И уже обращаясь к лейтенанту, недовольно спрашивал его:
– Слушай, а что это о тебе так заботятся? Сама Москва потребовала оформлять тебя прямо с сегодняшнего дня. Да ещё и срочно! Кто тебя там греет в Москве? Давай, выкладывай мне. Иначе я всю твою командировку поломаю, и ты никуда ни в какую заграницу не поедешь.
Мурат и сам не знал и не понимал этой срочности. А тем более, кто мог там, в Москве о нём позаботиться? Да никто! Именно это он озвучил строгому и озлобленному начальнику отдела кадров. Кажется, капитан Иванов поверил искренности слов и личному негодованию Мурата.
И вот когда, наконец, вся длительная бумажная формалистика по подготовке документов на лейтенанта Муратбаева и его жену была завершена только к концу декабря, Мурата поставили в известность о длительности процедуры ожидания приказа на убытие к новому месту службы. Сам Мурат полагал, что после завершения оформления необходимых документов сразу поступит приказ, который потребует немедленного убытия за границу. Потому он с Мирой стал срочно готовиться к убытию из Уссурийска.

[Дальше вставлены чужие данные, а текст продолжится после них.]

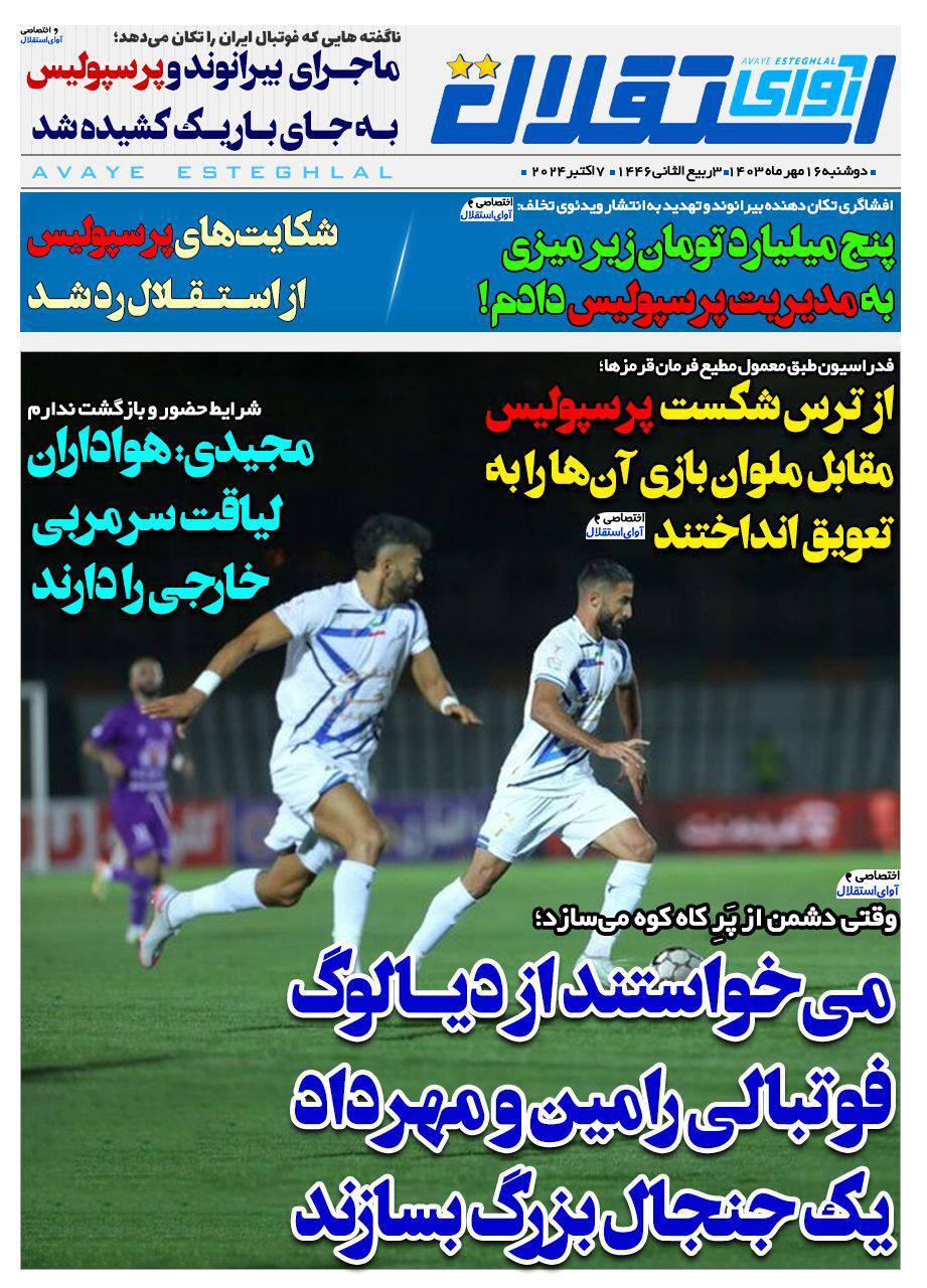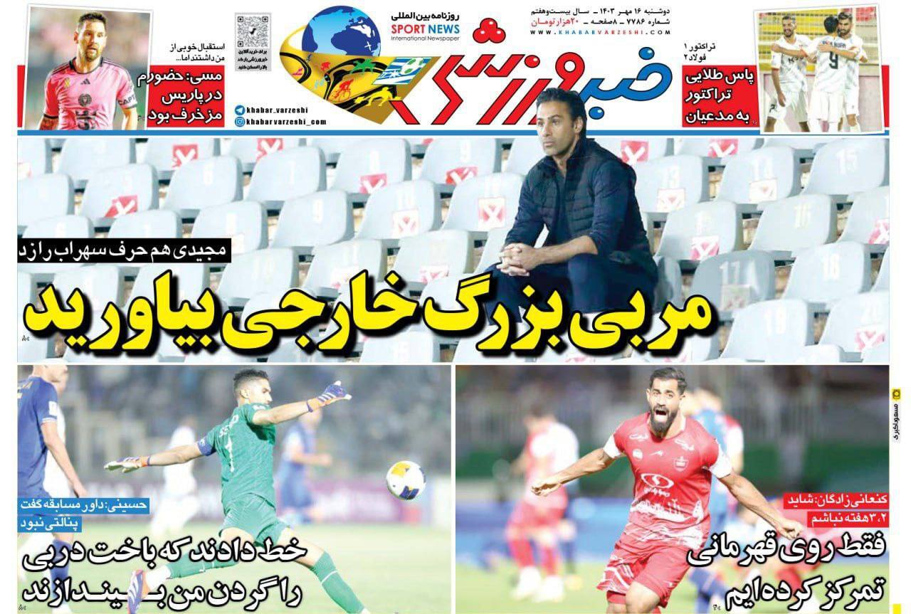 روزنامههای ورزشی دوشنبه 16 مهر ۱۴۰۳

В первых числах нового 1975 года кадровик полка капитан Иванов, не утруждая себя в поиске лучшей формы намёка, высказал Мурату открытым текстом:
– Муратбаев, ну, ты видишь, как я о тебе хлопочу? Это не родина, а я тебя отправляю за границу. Туда, куда хотят попасть каждый офицер и прапорщик. А я решил отправить в лучшие условия именно тебя. Ты это понимаешь? Лейтенант, любой приказ можно ускорить. Ты ещё молод и не знаешь всех традиции и правил, а потому слушай, что скажу. Как политработник ты должен знать ленинские тезисы. А он, великий вождь, говорил, что в кадрах решают всё и что выше кадров только солнце. Отсюда вывод в виде вопроса: «Перед кем ты должен преклоняться?». Я отвечаю за тебя: «Перед кадрами!». То есть ты должен уважать меня больше чем отца своего. Чем тебе может помочь твой отец? А ни чем! Зато я могу для тебя сделать всё, что захочу. Даже если ты будешь за границей, а я, сидя здесь в Уссурийске, могу тебя поднять по карьерной лестнице или спустить по ней. Так что ты должен будешь делиться со мной заграничными благами, которые будешь иметь благодаря мне.
Догадываясь, к чему клонит навязавшийся наставник и, желая остановить его, лейтенант спросил:
– А что, меня можно ещё ниже опустить по должности? Так я же ногами в землю упираюсь. Куда же ниже? Вы, товарищ капитан, наверное, можете присвоить мне внеочередное звание «младший лейтенант»? А может, сразу сделаете меня прапорщиком?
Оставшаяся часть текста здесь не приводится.